Her work as a visual artist focuses on illustrating a political imaginary that subverts the Cuban totalitarian narrative. She graduated from the University of the Arts (ISA)  in Havana in 2019. Her solo exhibitions include Epizootia (Zapata Gallery, Miami, 2024) and El país perdido (Aveces Art Space, Havana, 2019). Her work has been exhibited in New York, Montreal, Madrid, Buenos Aires, Berlin, Kassel, and Prague. She was the General Coordinator of INSTAR, the Hannah Arendt Institute of Activism, and an active member of independent civic projects that have led the fight for freedom of expression and political and cultural rights in Cuba in recent years, such as the 27N group, the San Isidro Movement, and the Ánima collective. She was a columnist for Hypermedia Magazine and currently writes a graphic column for the cultural magazine Rialta. She currently resides in the United States. 
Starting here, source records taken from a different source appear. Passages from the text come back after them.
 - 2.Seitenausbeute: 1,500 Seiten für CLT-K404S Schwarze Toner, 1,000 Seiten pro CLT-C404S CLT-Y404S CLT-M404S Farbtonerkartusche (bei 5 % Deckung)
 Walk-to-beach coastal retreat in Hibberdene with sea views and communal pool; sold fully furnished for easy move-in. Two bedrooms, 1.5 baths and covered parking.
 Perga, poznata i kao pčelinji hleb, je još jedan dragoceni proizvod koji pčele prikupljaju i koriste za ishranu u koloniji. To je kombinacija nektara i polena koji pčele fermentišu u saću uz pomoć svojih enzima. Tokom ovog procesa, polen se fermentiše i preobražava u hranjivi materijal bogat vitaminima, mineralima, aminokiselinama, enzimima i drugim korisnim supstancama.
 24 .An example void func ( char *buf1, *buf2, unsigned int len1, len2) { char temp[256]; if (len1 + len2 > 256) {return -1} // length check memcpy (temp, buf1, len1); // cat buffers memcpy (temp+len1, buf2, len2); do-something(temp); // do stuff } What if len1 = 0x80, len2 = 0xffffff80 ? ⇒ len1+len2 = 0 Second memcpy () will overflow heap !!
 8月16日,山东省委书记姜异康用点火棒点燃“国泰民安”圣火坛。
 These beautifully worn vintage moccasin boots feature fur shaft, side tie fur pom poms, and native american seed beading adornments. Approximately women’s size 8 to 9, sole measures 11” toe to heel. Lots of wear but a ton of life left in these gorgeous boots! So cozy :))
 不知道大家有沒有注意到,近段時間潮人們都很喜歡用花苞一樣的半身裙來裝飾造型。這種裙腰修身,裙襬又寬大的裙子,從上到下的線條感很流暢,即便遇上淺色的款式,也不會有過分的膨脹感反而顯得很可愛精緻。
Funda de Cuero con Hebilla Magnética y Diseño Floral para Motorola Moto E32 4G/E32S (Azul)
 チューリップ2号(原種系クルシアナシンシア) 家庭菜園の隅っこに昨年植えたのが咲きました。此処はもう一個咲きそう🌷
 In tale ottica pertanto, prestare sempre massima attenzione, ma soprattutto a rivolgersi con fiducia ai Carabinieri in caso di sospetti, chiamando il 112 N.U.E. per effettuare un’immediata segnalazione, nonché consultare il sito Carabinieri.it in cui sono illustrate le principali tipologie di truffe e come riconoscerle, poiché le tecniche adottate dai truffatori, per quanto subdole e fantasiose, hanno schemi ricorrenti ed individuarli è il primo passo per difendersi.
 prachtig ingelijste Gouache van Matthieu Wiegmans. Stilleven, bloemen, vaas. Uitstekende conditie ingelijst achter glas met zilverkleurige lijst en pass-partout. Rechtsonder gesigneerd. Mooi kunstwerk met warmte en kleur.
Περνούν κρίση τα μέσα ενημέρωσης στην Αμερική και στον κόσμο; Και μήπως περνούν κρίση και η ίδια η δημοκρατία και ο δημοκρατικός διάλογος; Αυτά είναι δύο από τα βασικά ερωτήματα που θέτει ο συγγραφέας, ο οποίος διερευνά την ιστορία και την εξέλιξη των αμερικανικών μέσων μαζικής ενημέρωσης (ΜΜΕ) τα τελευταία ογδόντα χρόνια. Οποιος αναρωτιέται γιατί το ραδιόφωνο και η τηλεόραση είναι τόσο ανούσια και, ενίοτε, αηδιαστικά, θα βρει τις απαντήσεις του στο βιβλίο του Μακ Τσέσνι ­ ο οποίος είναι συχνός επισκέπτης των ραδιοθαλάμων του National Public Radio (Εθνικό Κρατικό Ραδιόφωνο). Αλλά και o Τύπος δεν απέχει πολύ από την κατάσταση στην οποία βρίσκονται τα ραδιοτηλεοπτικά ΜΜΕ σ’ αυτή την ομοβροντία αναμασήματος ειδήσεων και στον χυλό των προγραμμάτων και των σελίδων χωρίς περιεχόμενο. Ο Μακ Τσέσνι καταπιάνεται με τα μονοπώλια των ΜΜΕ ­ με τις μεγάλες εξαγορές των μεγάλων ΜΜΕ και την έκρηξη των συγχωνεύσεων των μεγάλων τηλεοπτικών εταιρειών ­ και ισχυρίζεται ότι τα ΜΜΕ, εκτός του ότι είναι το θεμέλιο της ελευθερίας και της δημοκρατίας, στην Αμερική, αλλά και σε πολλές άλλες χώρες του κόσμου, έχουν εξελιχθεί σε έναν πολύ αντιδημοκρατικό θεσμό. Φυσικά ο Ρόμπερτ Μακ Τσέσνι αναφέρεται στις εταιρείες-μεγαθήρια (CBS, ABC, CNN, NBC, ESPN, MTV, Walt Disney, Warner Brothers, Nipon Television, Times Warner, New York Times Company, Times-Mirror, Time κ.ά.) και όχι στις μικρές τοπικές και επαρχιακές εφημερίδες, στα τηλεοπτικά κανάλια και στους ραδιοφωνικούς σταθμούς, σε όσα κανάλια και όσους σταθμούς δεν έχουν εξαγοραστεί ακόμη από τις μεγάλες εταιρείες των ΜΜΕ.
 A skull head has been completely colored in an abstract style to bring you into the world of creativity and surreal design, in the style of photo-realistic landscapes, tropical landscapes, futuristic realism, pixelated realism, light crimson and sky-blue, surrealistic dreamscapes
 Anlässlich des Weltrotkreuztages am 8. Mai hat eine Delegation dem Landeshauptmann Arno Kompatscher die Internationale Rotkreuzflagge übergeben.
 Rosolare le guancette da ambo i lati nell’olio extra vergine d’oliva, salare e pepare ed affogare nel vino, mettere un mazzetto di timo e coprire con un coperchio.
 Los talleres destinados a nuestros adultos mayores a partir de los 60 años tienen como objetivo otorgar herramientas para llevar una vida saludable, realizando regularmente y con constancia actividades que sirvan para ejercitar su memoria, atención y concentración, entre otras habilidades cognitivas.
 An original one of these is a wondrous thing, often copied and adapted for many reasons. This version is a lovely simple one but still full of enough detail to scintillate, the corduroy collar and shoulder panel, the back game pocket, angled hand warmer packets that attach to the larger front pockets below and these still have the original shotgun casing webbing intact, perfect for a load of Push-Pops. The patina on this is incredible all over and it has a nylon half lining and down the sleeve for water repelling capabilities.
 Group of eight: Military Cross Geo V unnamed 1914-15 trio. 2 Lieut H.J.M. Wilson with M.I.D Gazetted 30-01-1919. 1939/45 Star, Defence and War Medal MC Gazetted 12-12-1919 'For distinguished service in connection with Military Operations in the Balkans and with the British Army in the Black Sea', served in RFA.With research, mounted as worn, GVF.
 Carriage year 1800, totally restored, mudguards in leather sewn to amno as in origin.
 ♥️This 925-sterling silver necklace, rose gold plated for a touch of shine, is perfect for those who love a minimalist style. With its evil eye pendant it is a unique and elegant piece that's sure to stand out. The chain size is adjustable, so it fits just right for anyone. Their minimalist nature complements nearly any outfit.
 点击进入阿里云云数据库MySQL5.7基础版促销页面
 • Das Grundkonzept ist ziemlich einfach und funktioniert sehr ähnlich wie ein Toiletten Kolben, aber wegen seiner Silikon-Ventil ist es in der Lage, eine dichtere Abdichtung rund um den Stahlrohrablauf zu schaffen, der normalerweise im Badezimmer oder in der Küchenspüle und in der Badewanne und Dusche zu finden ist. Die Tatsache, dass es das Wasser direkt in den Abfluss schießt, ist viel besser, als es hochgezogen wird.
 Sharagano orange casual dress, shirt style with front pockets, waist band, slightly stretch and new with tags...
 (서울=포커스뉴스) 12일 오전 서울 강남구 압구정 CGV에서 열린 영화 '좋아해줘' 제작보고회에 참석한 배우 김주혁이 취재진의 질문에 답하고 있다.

The other recipients include:

  • Ahmel Echevarría Peré, Narrator, art and literary critic
  • Eliexer Márquez Duany “El Funky”, rapper and activist
  • Fernando Fraguela Fosado, independent filmmaker, editor, and producer
  • Ismario Rodríguez Pérez, journalist and documentary filmmaker
  • Julio Llopiz-Casal, visual artist and graphic designer
  • Katherine Bisquet Rodríguez, writer and activist
  • Luis Alejandro Yero, filmmaker
  • Yanelys Nuñez Leyva, art historian, communicator, and curator

ARC is a non-profit organization that “defends and advances the right to artistic freedom, providing practical resources and support to artists and cultural workers, so they can live and work safely, free from fear.”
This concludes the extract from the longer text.